Hakikat Yayıncılık - Muhterem Ömer Öngüt’ün Eserleri | Hakikat Dergisi | Hakikat Medya | Hakikat Kırtasiye
Arama Yap
Eğitim - "Şüphesiz ki Rızıklandıran da, Güç ve Kuvvet Sahibi Olan da Allah'tır." - Ömer Öngüt
"Şüphesiz ki Rızıklandıran da, Güç ve Kuvvet Sahibi Olan da Allah'tır."
Eğitim
Canan Büşra Kara
1 Temmuz 2018

 

"Şüphesiz ki Rızıklandıran da, Güç ve Kuvvet Sahibi Olan da Allah'tır." (Zâriyat: 58)

 

"Hocam" diye başladı Emir'in annesi söze. Ve hüzünlü bir ses tonu ile devam etti anlatmaya;

"İki gün önce yaşadığımız olay beni ve eşimi ziyadesi ile üzdü, huzursuz etti ve bir çıkmaz sokağa soktu. Ne diyeceğimizi ve ne yapacağımızı bilemedik. Bu konu ile ilgili bize sunabileceğiniz bir öneriniz var mı açıkçası merak ediyorum. Hocam, olay şöyle;

Abisine de Emir'e de küçük yaştan beri uyguladığımız bir aile geleneğimiz var. Yalnızca geçende bizim Emir bu geleneğimize çok ilginç bir tepki verdi.

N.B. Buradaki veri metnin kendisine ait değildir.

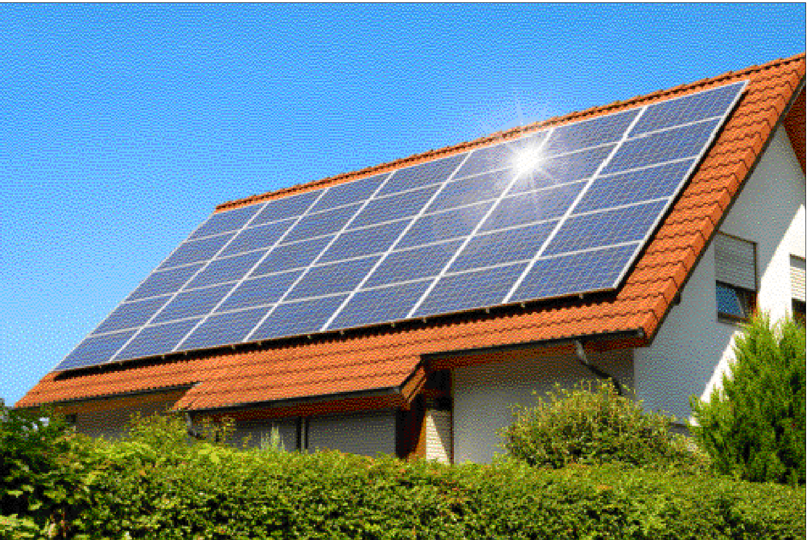
PHOTOVOLTAIC PANELS REFERENCE

«pannelli-solari24.it» Retrieved March 04, 2024, from https://www.pannelli-solari24.it/pannelli-solari-prezzi/pannelli-fotovoltaici-prezzi/

Şöyle ki; eşim ve ben çocuklarımıza çok küçük yaşlardan beri geceden çocuklar görmeden yastıklarının altına para koyuyoruz. Sabah uyandıklarında parayı gören; 'Bu parayı kim koydu?' diye soruyor. Biz de 'Hazret-i Allah senin için koydu!' diyoruz. Emir de abisi de öteden beri en son yaşadığımız olaya kadar böyle mutlu oluyorlardı.

Yalnızca son olayda, eşimin cüzdanında 5 tl kâğıt para olduğu için o kadar koyabildi. Emir de sabah uyanınca, yastığının altındaki 5 tl'yi eline aldı ve:

'Koskoca Hazret-i Allah göndere göndere sadece 5 tl göndermiş.' diyerek miktarı küçümsedi. Bir de o arada abisi Eray;

'Hayır, Emir o parayı Allah koymadı. Annem ve babamı dün gece gördüm. Meğerse onlar koyuyormuş ve bizi senelerdir kandırmışlar!' dedi. Biz de bu durum karşısında bir şey söyleyemedik ve gülerek geçiştirdik. Ama gel gelelim o gün bugün içimiz hiç rahat değil. Bu olay bizi huzursuz etti." dedi.

Eğitmen derin bir iç çekerek:

"İlk önce şunu ifade edelim. Vicdanınız sizi huzursuz etmiş. Zira sizi ebeveyn olarak senelerdir tanıyoruz. Özünüzde çocuklarınızı Hazret-i Allah'ın sevgisi le yetiştirme niyeti var. Fakat yanlış ve eksik ifadeler ile çocuklarınızın algılarına yanlış şeyler yerleştirme eğilimine girmişsiniz. Vicdanınız da sizi huzursuz etmiş ve bir arayışa sürüklemiş. Bu huzursuzluğu da bir nimet olarak görmek gerekir.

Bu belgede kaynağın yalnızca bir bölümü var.